THE IDEAS OF THE PURE REASON

By Henry Augustin Beers

I saw in dreams a constellation strange,

Thwarting the night; its big stars seemed to range

Northward across the zenith, and to keep

Calm footing along heaven's ridge-pole high,

While round the pole the sullen Bear did creep

And dizzily the wheeling spheres went by.

They from their watch-towers in the topmost sky

Looked down upon the rest,

Nor eastward swerved nor west,

Though Procyon's candle dipped below the verge,

And the great twins of Leda‘ gan decline

Toward the horizon line,

And prone Orion, sprawling headlong, urge

His flight into the far Pacific surge.

I heard a voice which said: “Those wonders bright

Are hung not on the hinges of the night;

But set to vaster harmonies, they run

Straight on, and turn not with the turning sphere,

Nor make an orbit about any sun.

No glass can track the courses that they steer,

By what dark paths they vanish and appear.

The starry flocks that still

Are climbing heaven's hill

Will pasture westward down its sloping lawn;

But yon wild herd of planets,— who can say

Through what far fields they stray,

Around what focus their ellipse is drawn,

Whose shining makes their transcendental dawn?”

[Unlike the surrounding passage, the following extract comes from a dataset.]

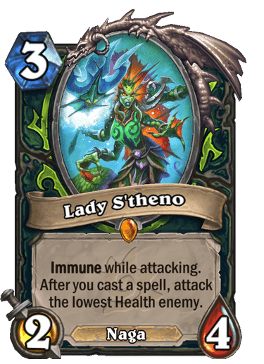 On top of these three cards, the upcoming patch will tackle one of the villains of the moment, Lady S'theno. Some patches ago, the nerf to Sinful Brand, addressed the problems with Spell Demon Hunter. However, the deck is back, with a similar non-interactive play pattern.
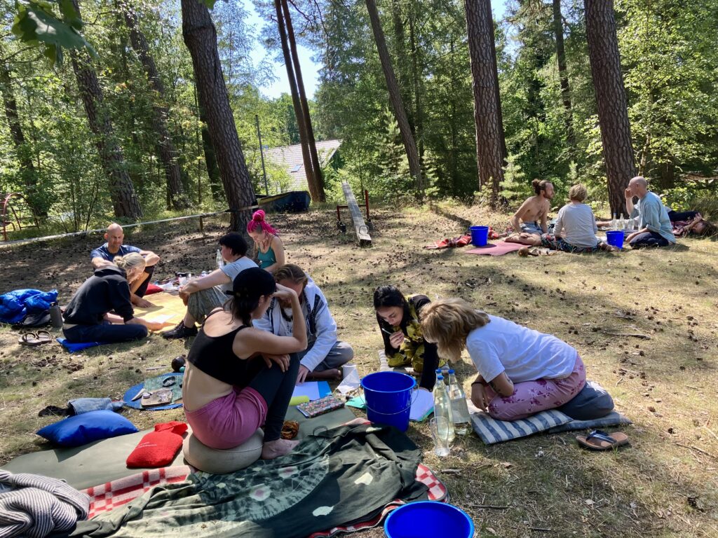Das Basic Kambo Practitioner Training bei der IAKP ist ein 14-tägiger Präsenzkurs. Kleinere Kurse oder 1:1-Trainings kommen manchmal mit 12 Tagen aus, aber das ist das absolute Minimum. 14 Tage klingt erst mal lang. Das Wissen, das wir dir vermitteln wollen, passt aber gerade so in diesen Zeitraum hinein. Es gibt fast jeden Tag Unterrichts-Blocks. Nur so schaffen wir es, das ganze Workbook einmal durchzuackern. Fragerunden, Anekdoten aus der Kambo-Praxis und natürlich Feedback nach den Behandlungen runden den theoretischen Teil der Trainings ab. Wir unterhalten uns also grob geschätzt rund 50 Stunden lang über Kambo. Möchtest du diese lange Zeit lieber am Bildschirm verbringen oder im Wald auf einer Wiese?

I told my vision to a learned man,

Who said: “On no celestial globe or plan

Can those unset, unrisen stars be found.

How might such uncomputed motions be

Among the ordered spheres? Heaven's clock is wound

To keep one time. Idle our dreams, and we,

Blown by the wind, as the light family

Of leaves.” But still I dream,

And still those planets seem

Through heaven their high, unbending course to take;

And a voice cries: “Freedom and Truth are we,

And Immortality:

God is our sun.” And though the morning break,

Across my soul still plays their shimmering wake.